Es kennen wohl alle Christen wenigstens einen Teil der Lehre von Gottes Vorsehung, denn die Bibel lehrt offensichtlich, dass Gott alle Dinge regiert. Ich kenne eigentlich keinen ernsthaft Glaubenden, der leugnen würde, dass Gott, der Herr, die Kontrolle über alle wesentlichen Dinge hat, wie z.B. Präsident­schafts­wahlen, Stürme oder Weltkriege. Die biblische Lehre über die Vorsehung Gottes beschränkt diese allerdings nicht auf die großen Ereignisse der Geschichte. Sie gilt auch den kleinsten Dingen und sei es, wie ein Würfel fällt. In Sprüche 16,33 heißt es: „Der Mensch wirft das Los; aber es fällt, wie der HERR will.“ Das Würfeln, das in gewisser Weise die moderne Entsprechung des Loswerfens ist, scheint ein völlig zufälliges Ergebnis zu haben. Doch das ist nicht so. Es bringt das Ergebnis, das Gott geordnet hat.

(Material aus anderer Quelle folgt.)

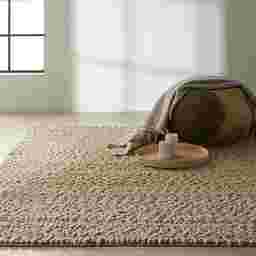 The hand-woven technique used for this rug creates a thick pebble weave, providing a rich, multi-dimensional texture that is far more tactile than machine-made options. This artisan method ensures a high-quality, contemporary finish that adds both visual depth and "indulgent softness" to a room, acting as a sophisticated focal point for casual or modern decor.
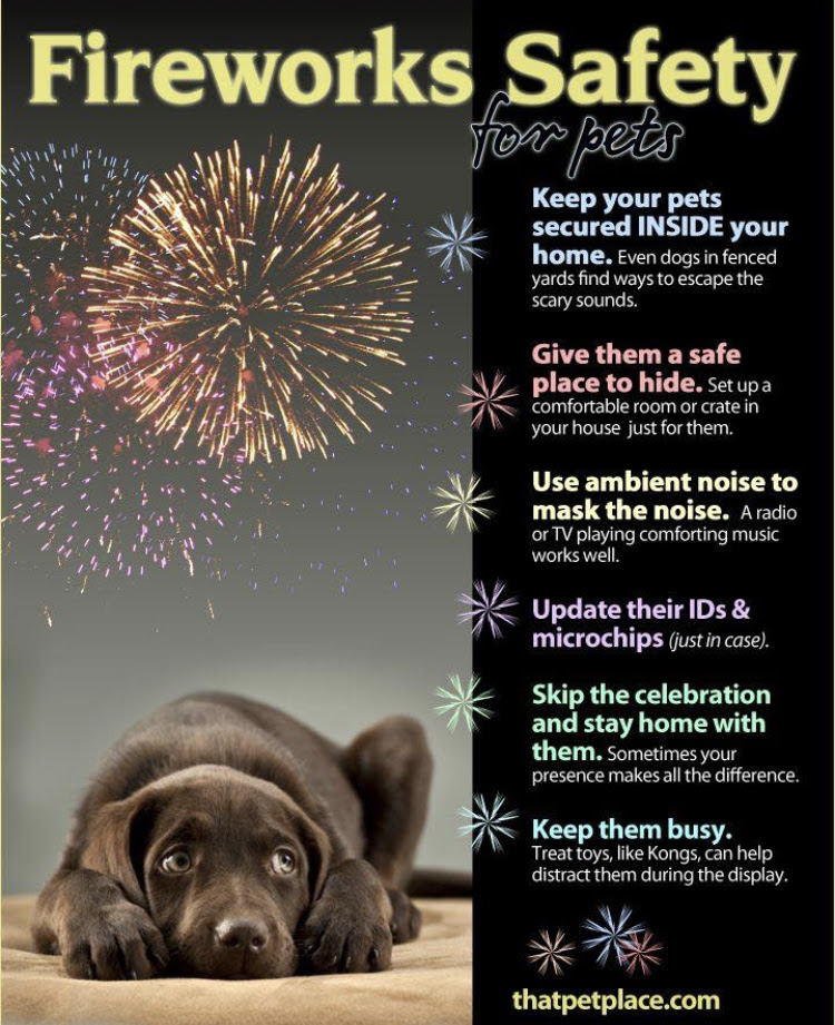 The attached flyers provide information on alternatives to setting off fireworks, dangers of fireworks including sparklers and tips for keeping your pets safe.
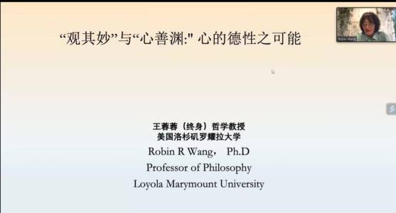 2023年9月23日,william威廉中文官网“任之讲堂”2023年秋季学期第一讲(总第38期)开讲。美国洛杉矶罗耀拉大学哲学终身教授王蓉蓉受邀作题为“‘观其妙’与‘心善渊’:心的德性之可能”的线上学术报告,william威廉中文官网经理尤洋教授主持,江怡教授为点评嘉宾。
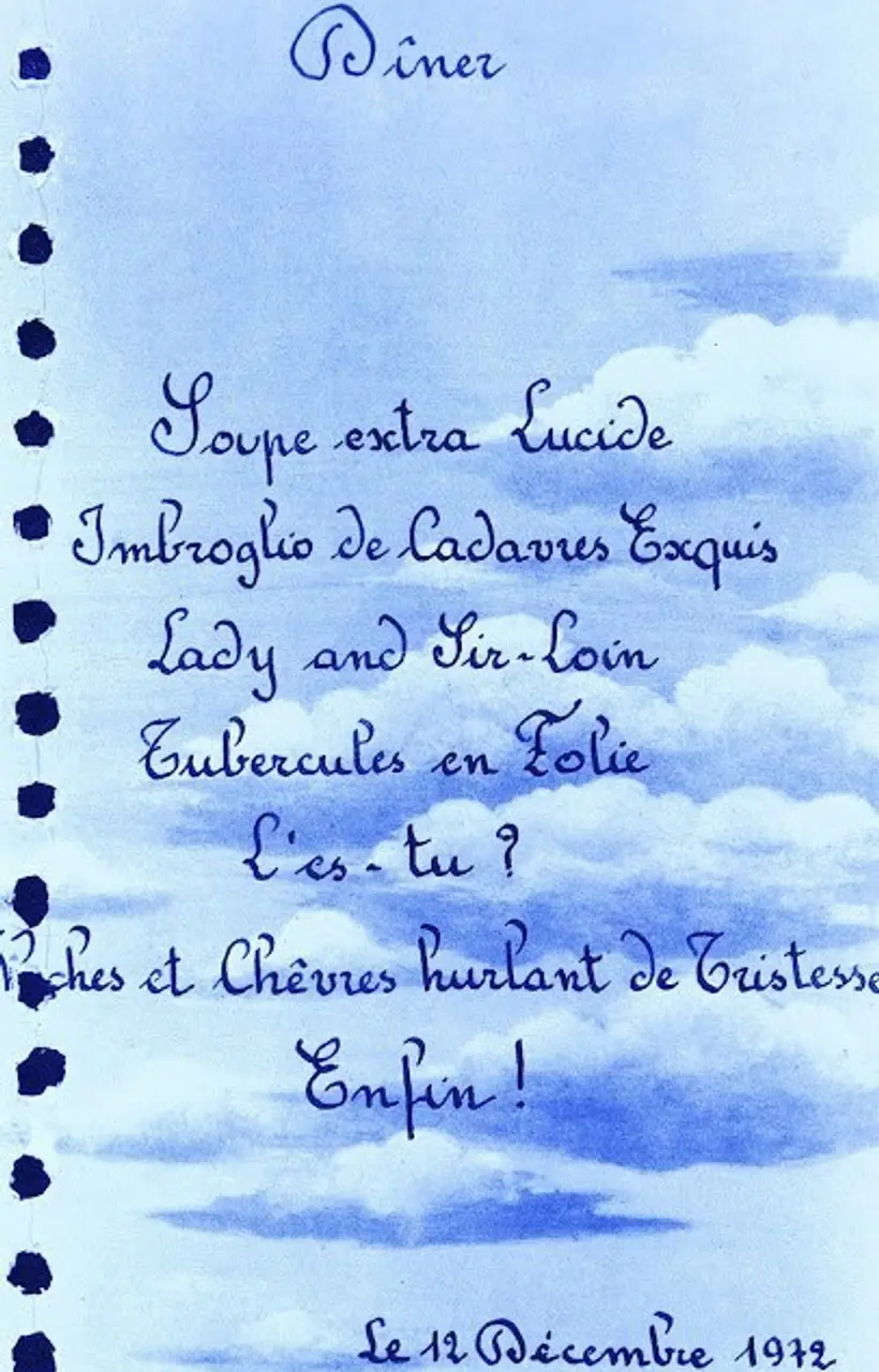 Handwritten menu for the Rothschild Surrealist Ball.
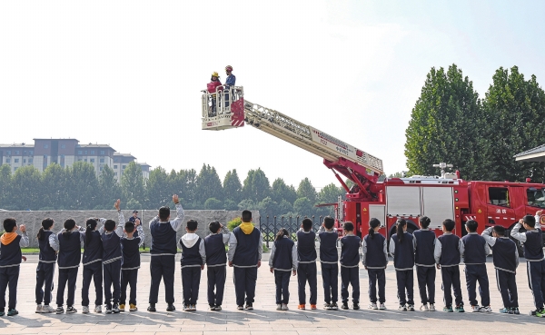 10月13日,是国际减灾日,各地学校开展防灾减灾知识普及和应急疏散演练等活动,以提高师生应急避险与安全自救能力。图为当日在河南省济源市延庆外国语学校,一名学生在消防员陪伴下乘云梯体验高空救援。新华社 发
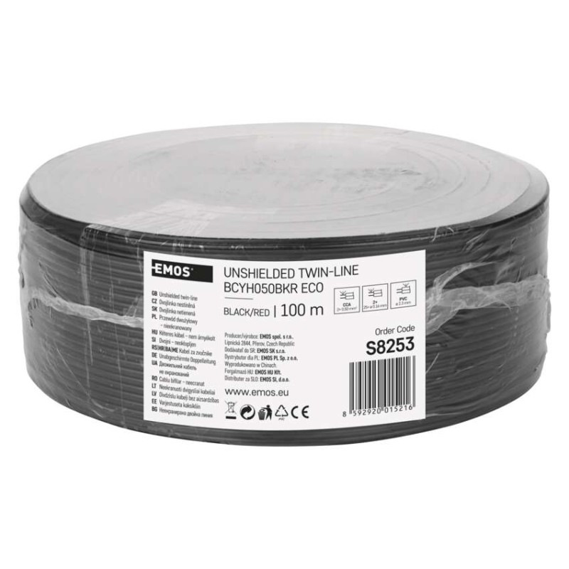 Dvojlinka ECO 2×0,5mm, čierno/červená, 100m
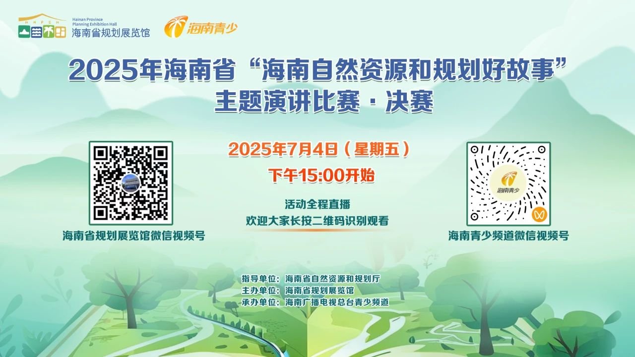 本次決賽將開啟視頻直播 屆時可通過 海南省規(guī)劃展覽館微信視頻號 海南青少頻道微信視頻號 實時觀看決賽盛況! 7月4日15:00 讓我們相約直播間 不見不散! 指導單位 海南省自然資源和規(guī)劃廳 主辦單位 海南省規(guī)劃展覽館 承辦單位 海南青少頻道 來源 | 海南省規(guī)...

An diesem kleinen Beispiel kann man sich einfach verdeutlichen, dass Gott eine ganze Reihe von Dingen ordnet, wenn der Würfel auf eine bestimmte Zahl fallen soll. Der Würfel muss etwa mit einer bestimmten Kraft aus der Hand geworfen werden, mehr oder weniger würde jeweils eine andere Zahl zur Folge haben. Gott lenkt also den Arm dessen, der den Würfel wirft. Aber auch ein Windzug oder selbst der Zug einer Klimaanlage könnte das Ergebnis beeinflussen. Dabei würde die Kraft der Luftbewegung eine Rolle spielen. Das müsste Gott, der Herr, also für ein bestimmtes Ergebnis ebenso kon­trollieren. Auch die Temperatur kann ihren Einfluss haben, die doch in Beziehung steht zur Bewegung der Moleküle der Luft und den Atomen in den Molekülen und sogar den kleinsten Atomteilchen. Sie müssen genau den Zustand hervorbringen, der notwendig ist, wenn Gott will, dass der Würfel auf eine bestimmte Zahl fällt. Das alles ist wahrscheinlich noch eine starke Vereinfachung der gesamten Umstände, wenn man nur an die komplizierten Vorgänge im Bereich der Elementarteilchen denkt.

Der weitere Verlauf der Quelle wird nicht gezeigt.